--dany--
--dany-- t1_jedo4gy wrote
Reply to [D] Best deal with varying number of inputs each with variable size using and RNN? (for an NLP task) by danilo62
How about using the embeddings of the whole post? Then you just have to train a model to predict trait from one post. A person’s overall trait can be the average of all traits predicted by all of his posts. I don’t see a point in using RNN over posts.
--dany-- t1_je134t7 wrote
Reply to Noob question: is there a site where you can provide you equipment to help process data and gain credits for further use? by Fonsecafsa
The idea has been explored by vast.so and runpod. Not exactly credit but real cash.
--dany-- t1_jccendz wrote
--dany-- t1_j4zx6lf wrote
Very good write up! Thanks for sharing your thoughts and observations. Some questions many other folks may have as well
- how do you arrive at the number it’s 500x smaller or 200 million parameters?

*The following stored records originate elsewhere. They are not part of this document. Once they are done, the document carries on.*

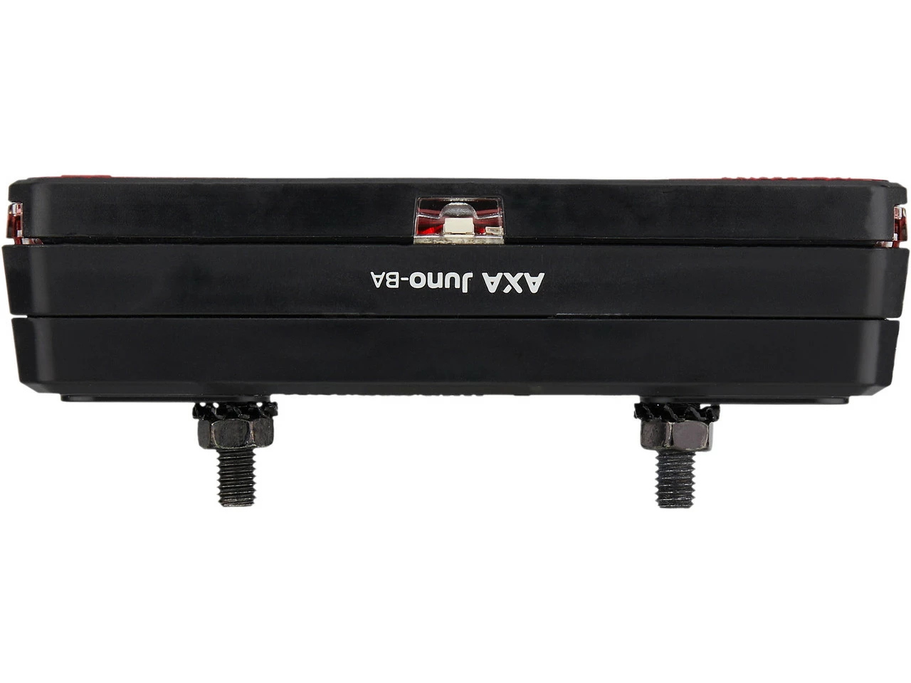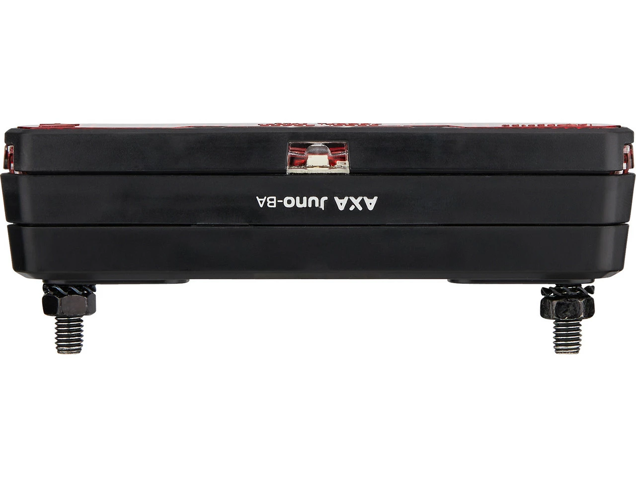 Spezifikationen:Ausführung:Rücklicht (rot)Montage:GepäckträgerLeuchtmittel:LED (1)Leuchtdauer:50 StundenBetriebsmittel:BatterieTechnische Daten:Ladestandsanzeige:Ja (Batterie schwach)Maße (H x B x T):25 x 100 x 20 mmMaterial:KunststoffStandlicht:Ja (nicht abschaltbar)Freigaben:Zulassung im Straßenverkehr:Ja, für Fahrräder (nach §67 StVZO)Prüfziffer:K~~1749Features:batteriebetriebenes, kompaktes Rücklicht mit 50 oder 80 mm MontageabstandBeleuchtungsausschnitte an den Seiten für verbesserte seitliche SichtbarkeitStandlichtfunktion mit 4 Minuten DauerAusschaltautomatik nach 5 MinutenBatteriestandsanzeigewerkzeugfreier BatteriewechselSichtbarkeit bis 500 mintegrierter Reflektorwasser- und stoßbeständigHerstellernummern:50 mm:93929095SC80 mm:93929195SCLieferumfang:1 x Rücklicht Axa Juno Batterie2 x Batterie AAA
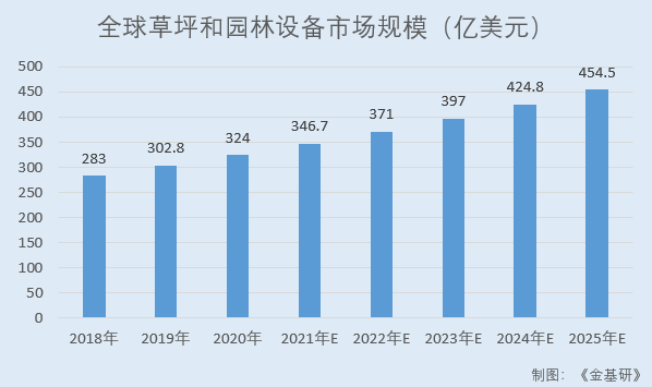 根據(jù)全球市場(chǎng)研究公司(Global Market Insights, Inc.)統(tǒng)計(jì)數(shù)據(jù),2018-2020年,全球草坪和園林設(shè)備市場(chǎng)規(guī)模分別為283億美元、302.8億美元、324億美元,預(yù)計(jì)至2025年將超過(guò)450億美元。
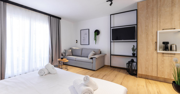 Kentro Luxury Suites are 4 located right at the heart of Chanioti Village!All of our units are totally renovated!
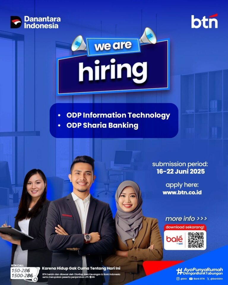 Bank Tabungan Negara (BTN) membuka kesempatan bagi lulusan terbaik untuk bergabung melalui program ODP
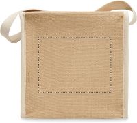 Juta hűtőtáska pamut füllel és elülső zsebbel 6 db 0,5 literes palack számára. Szigetelés: 3 mm vastag alumínium fólia. Kapacitás: 3 l.
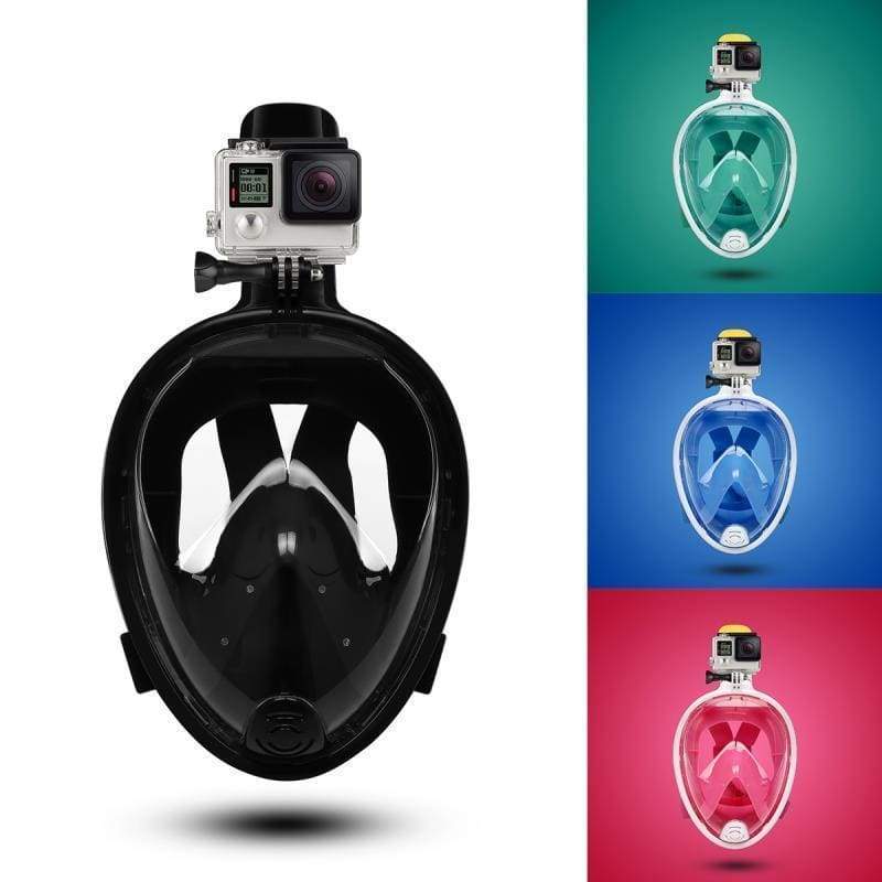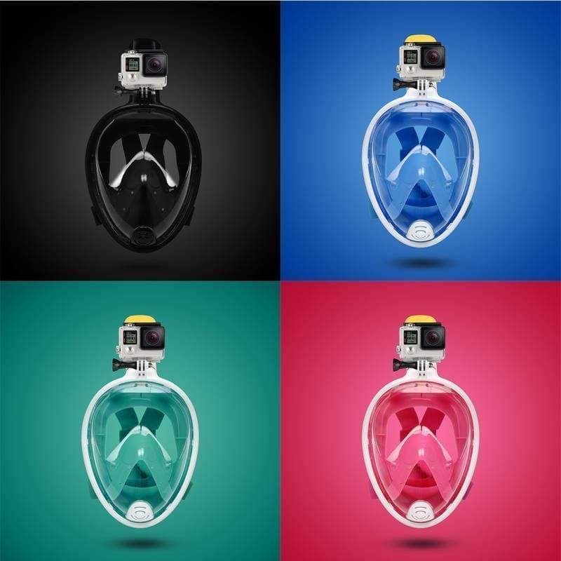 The Mask is Equipped with camera mount, to easily attached to GoPro camera to record or capture moments while being underwater. The mask has a top dry system that prevents water from getting-in while submerged in water. Has a soft seal silicone around the face and leakage can be drained-off by the drain valve via lift head.
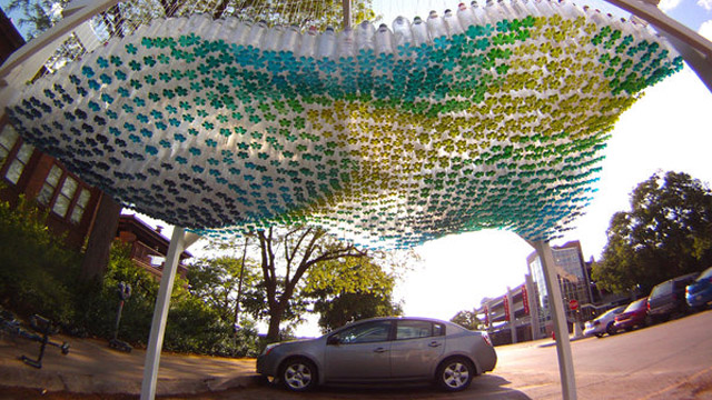 Nebraska designer Garth Britzman has made what may be one of the coolest recycling projects we’ve ever seen. Britzman collected 1,500 plastic pop bottles and partially filled them with colored liquid to create an amazing, wave-like parking canopy for his car.
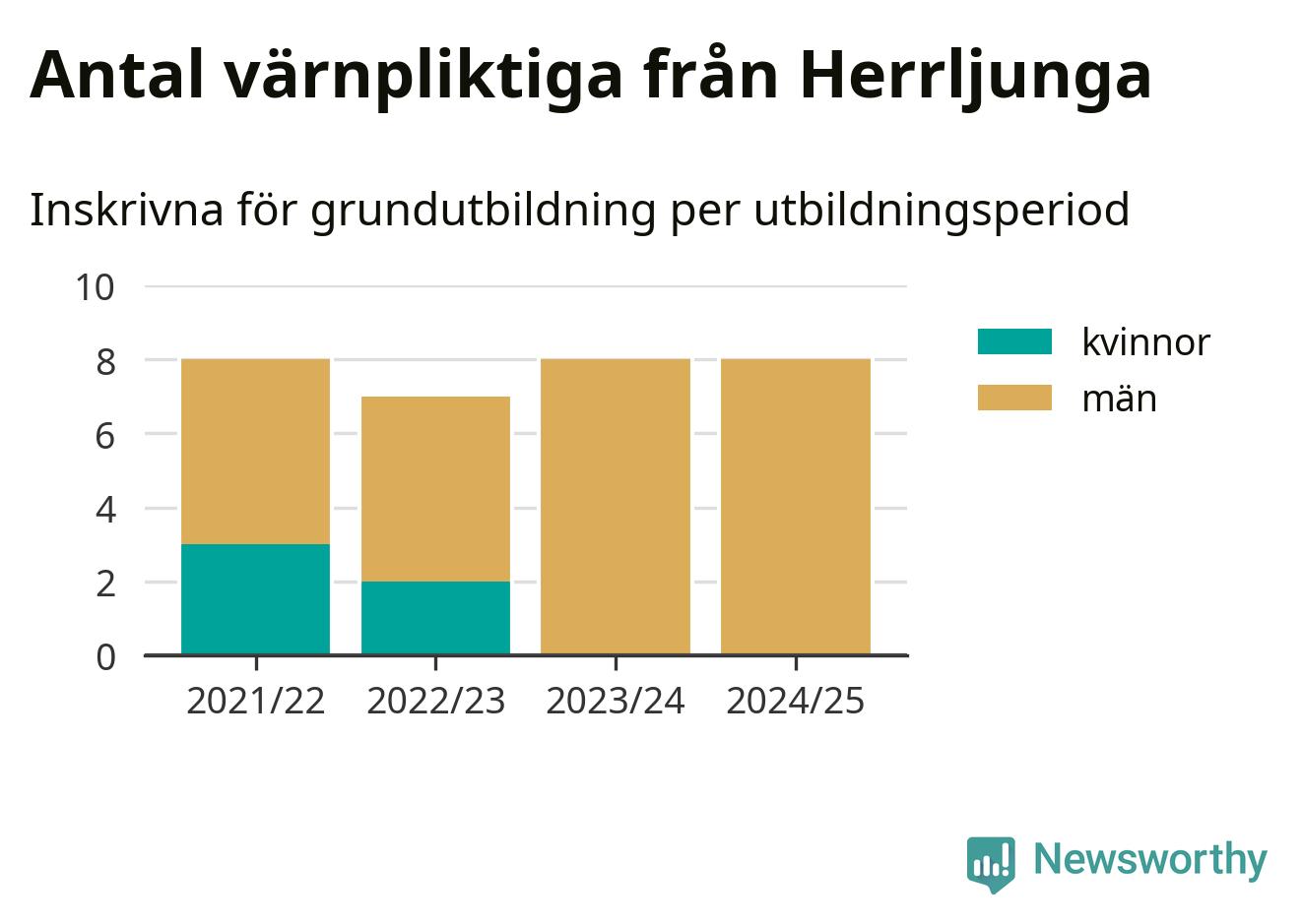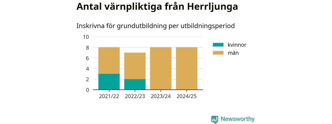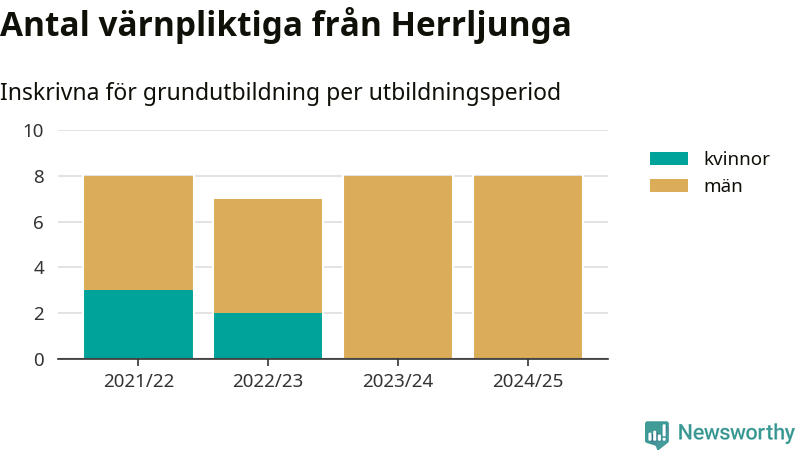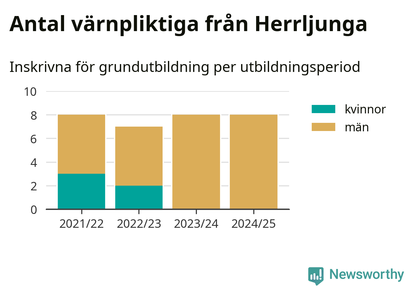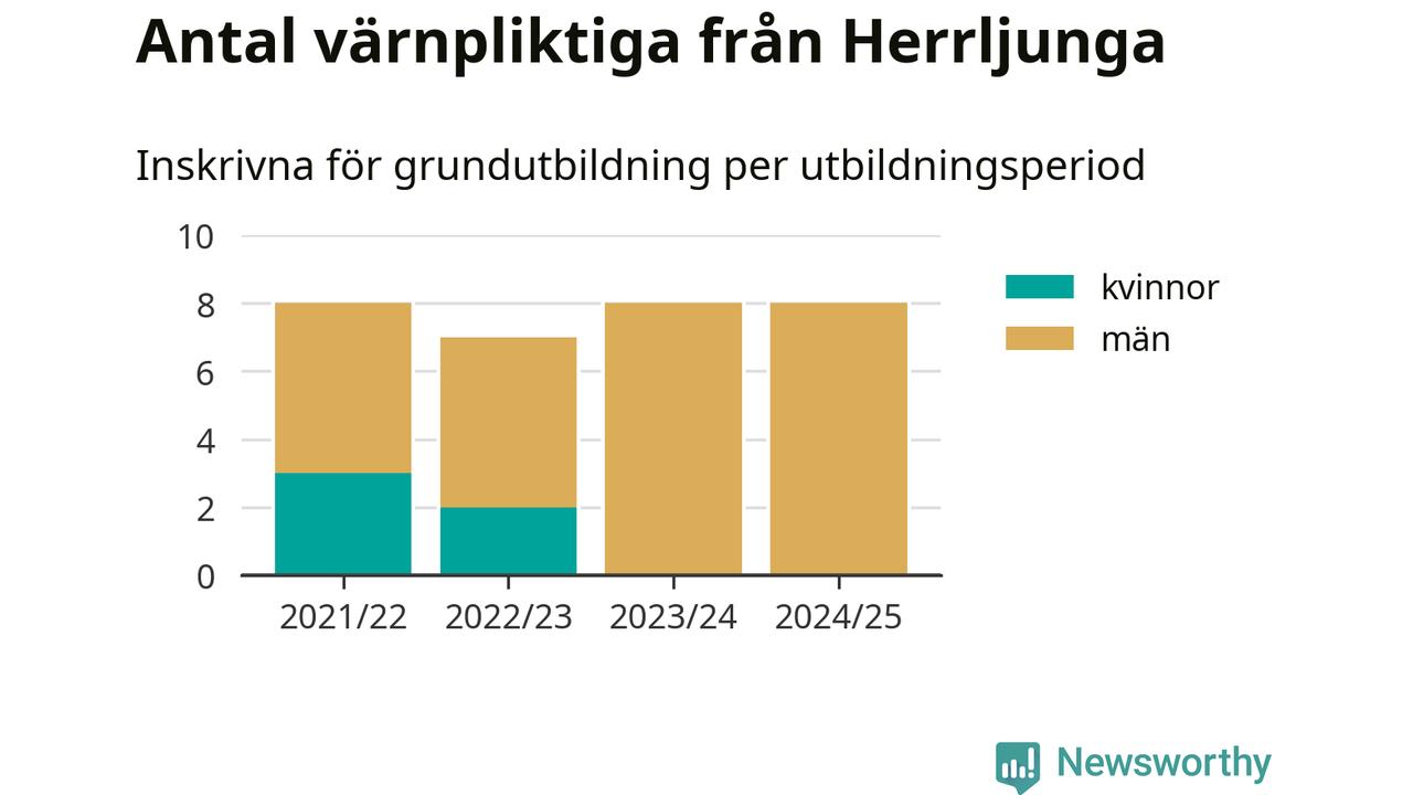 Antalet värnpliktiga från Herrljunga ökar stadigt, visar siffror från Plikt- och prövningsverket. Under det här värnpliktsåret, med utbildningsstart från juni 2024 till början av 2025, är åtta värnpliktiga inskrivna för att påbörja sin grundutbildning. Det är lika många som 2021/22 och 2023/24. Den allmänna värnplikten återinfördes 2018.
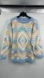 Beautifully detailed vintage ROSE sweater featuring a pastel Southwestern / Aztec pattern in soft hues of blue, lavender, mint, and beige. Woven with subtle metallic lurex threads for a hint of shimmer. Classic 80s oversized fit with dropped shoulders and ribbed cuffs/hem.

- Your estimate of 53 years for training a 100T model, can you elaborate how you got 53?
--dany-- t1_iyn91x1 wrote
Reply to [D] PyTorch 2.0 Announcement by joshadel
The speed up is only available for newer Volta and Ampere GPUs for more. Hopefully with primTorch it’s easier to port to other accelerators in the long run. And the speed up is less prominent for consumer GPUs.
--dany-- t1_iy29wqs wrote
Reply to comment by somebodyenjoy in Best GPU for deep learning by somebodyenjoy
I’m saying 2x 3090s are not much better than a 4090. According to lambda labs benchmarks a 4090 is about 1.3 to 1.9 times faster than a 3090. If you’re after speed then a 4090 definitely makes more sense as it’s only slightly slower but is much more power efficient and cheaper than 2x 3090s.
--dany-- t1_iy2149l wrote
Reply to comment by somebodyenjoy in Best GPU for deep learning by somebodyenjoy
Not too much by some benchmarks. So speed is not your point here. Your main concern is if the model and training data can fit your VRAM.
--dany-- t1_iy1zq6n wrote
Reply to Best GPU for deep learning by somebodyenjoy
3090 has NVLink bridge to connect two cards to pool memories together. Theoretically you’ll have 2x computing power and 48GB VRAM to do the job. If VRAM size is important for your big model and you have a beefy PSU then this is the way to go. Otherwise just go with a 4090.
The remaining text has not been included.